Ich erhielt des liebς Wolfgς. Schreiben heute vormittag mit gröstem Vergnügen; und nun
eben laß es auch hς: Bullinger, der sich empfehlt, und lachte von Herzen. Bin höchst vergnügt
wen ihr wohlauf seyd: ich befinde mich, Gott Lob, nun viel besser. Nachdem ihr abgereiset,
gieng ich sehr Math über die Stiege, und warf mich auf einς Sessl nieder. Ich habe mir
alle Mühe gegebς mich beÿ unserer Beuhrlaubung zurückzuhaltς, um unsern Abschied
nicht schmerzlicher zu machς, und in diesem daumel vergaß ich meinem Sohn den vätterlichς
Seegen zu geben. Ich lief zum fenster und gab ihn solchem euch beÿden nach,
sahe euch aber nicht beÿm Thor hinausfahrς, und wir musten glaubς, ihr wäret schon vorbeÿ,
weil ich vorher lange da sass ohne auf etwas zu denken. Die Nanerl weinte ganz
erstaunlich und ich muste mir alle Mühe gebς sie zu tröstς. Sie klagte Kopfwehe,
und grausen im Magen, endlich kam ihr ein Erbrechς und sie spieb dapfer, band
ihr den kopf ein, legte sich ins beth und ließ die fenster Läden zu machς, der
betrübte Pimpes lag zu ihr. Ich gieng in mein Zimer, bath mein Morgengebeth,
legte mich um halbe 9 uhr aufs beth, laß in einem Buch, beruhigte mich und
schlumerte ein. der Hund kam, ich war wache, er zeigte mir, daß ich mit ihm gehς
sollte, aus diesem verstund ich, daß es nicht weit von 12 uhr seÿn muste und er
hinab wollte.
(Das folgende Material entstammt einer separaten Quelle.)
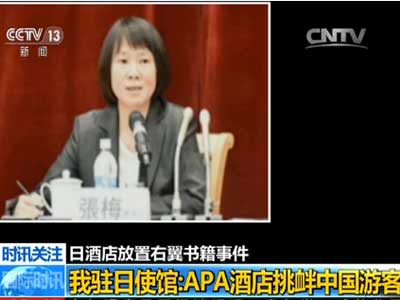 中國駐日本大使館新聞發(fā)言人張梅25號在例行記者會上強調(diào):日本APA酒店在客房內(nèi)放置否認南京大屠殺書籍一事的實質(zhì)是,“日本國內(nèi)一些勢力始終不愿意正視歷史”,并表示“絕不容忍歪曲歷史、傷害中國人民感情的公然挑釁行為”,敦促日方以正確的歷史觀教育國民,以實際行動取信于亞洲鄰國和國際社會。
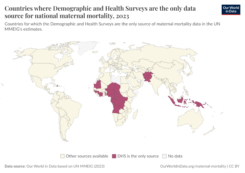 “Data Page: Countries where Demographic and Health Surveys are the only data source for national maternal mortality”. Our World in Data (2026). Data adapted from Our World in Data based on UN MMEIG. Retrieved from https://style-labor-employmentrate-c.owid.pages.dev:8789/20260224-141219/grapher/dhs-is-the-only-source-of-maternal-mortality-data.html [online resource] (archived on February 24, 2026).How to cite this data

Ich stand auf, nahm meinς Belz, fand die Nanerl in tiefem schlaf,
und sahe auf der uhr, daß es halbe 1 uhr war. da ich mit dem Hund zurück
kam, weckte ich die Nanerl, und dan ließ ich das Essς bringς. Die Nanerl hatte
gar keinς Appetit; sie ass nichts, legte sich nach Tische ins Bett, und ich bracht, nachdem
hς: Bullinger weg war, meine zeit mit bethς und lesen auch auf dem Bette zu.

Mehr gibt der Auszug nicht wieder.